I couldnt do it on my own... I had to give it to God for the pieces to fall in place. I'm not saying it was easy... there was a lot of times (and still times) that I want control. I want to do things my way... and that's when things start to fall apart. I have to remember that God has a plan for me. I have to trust and be faithful. By accepting Jesus into my heart, I dont need the rules and traditions and whatnot that religion brings. Those rules and traditions lead to depression and anxiety. Those rules and traditions lead to feelings of unworthiness. That's not what God's love is about, He wants us to be happy.
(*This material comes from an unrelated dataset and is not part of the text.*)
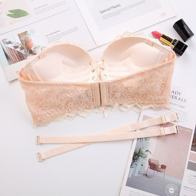 With plush, lifting cups, the Lace-up Strapless provides a stunning pushup. The beautiful lacing also allows for an optional additional boost!

So for my friend... I pray that he sits back and listens for God. That still small voice will lead him to where he should be, I just know it. Giving it to God isnt easy, but its so worth it.

Friday, February 17, 2012

Time To Confess

Photobucket


I confess... I am irritated with my weight loss this week. I have worked my hardest, ate my best, and I am going up on the scale. I feel a little defeated. I hear alot of people say "that's b/c you are gaining muscle"... well, that's great, but until I see the scale going down instead of up I get upset.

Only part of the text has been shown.